Switching from swimming in the pool to swimming in open water  

by Pool Builders on 09-21-2011 in Articles

Most people learn to swim in a pool, compete in a pool, and just use a pool for workouts. It's simple and convenient. It's also available almost anywhere you live. If you're lucky enough to live near open water then you might want to consider your options.

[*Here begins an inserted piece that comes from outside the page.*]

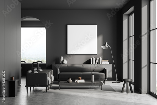 office, interior, sofa, relax, area, poster, meeting, room, canvas, workplace, panoramic, window, drawer, frame, empty, square, template, whiteboard, banner, blank, copy, space, business, coffee table, conference, grey, concrete, floor, carpet, couch, dresser, countryside, furniture, stool, decoration, architecture, wall, design, dark, front view, marketing, style, loft, three-dimensional, render, rendering, illustration
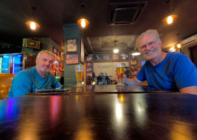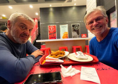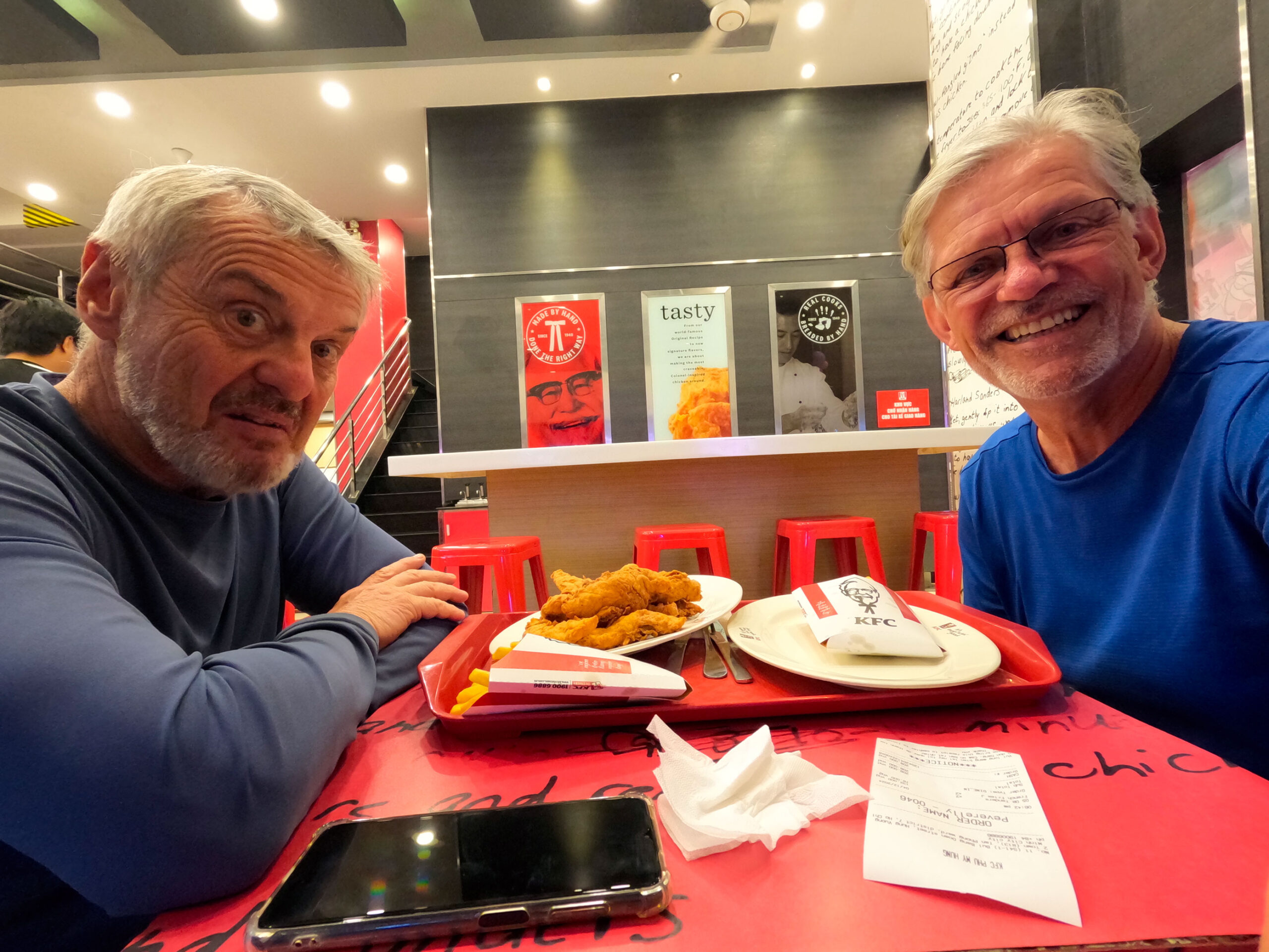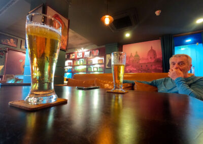 Une fois la préparation de nos sacs terminée, nous descendons boire deux bonnes bières pression avant d’aller diner au KFC.

Whether it's the ocean, a lake, or even an old quarry, open water swimming can give you a new sense of freedom. It might feel a bit scary at first though. One of my first open water workouts was in the ocean off Monterey Bay. I was dropped from a boat in deep water far from land. The boat should have stayed close by, but it drifted out of shouting distance very quickly. The captain wasn't paying attention. The swells were big, the water was cold, and there was no black line on the bottom to guide my way. I waved my arms and shouted but the boat didn't notice. I was way too far from land for anyone on shore to notice. So I swam. By the time I was finished and was back on the boat I was exhilarated. Cold, exhausted, but exhilarated from being part of a body of water so immense.


Getting started


To get started I recommend you stay away from boats and deep water. Those will come later. Just walk off the beach or dock and swim for a specific time period. You can't count laps or yardage, though some areas do have known measured areas to swim. If you have a training partner that is willing, it will be more fun to swim with a friend. You also might consider taking along a non-swimming friend to watch from shore, or paddle along with you on a boogie board.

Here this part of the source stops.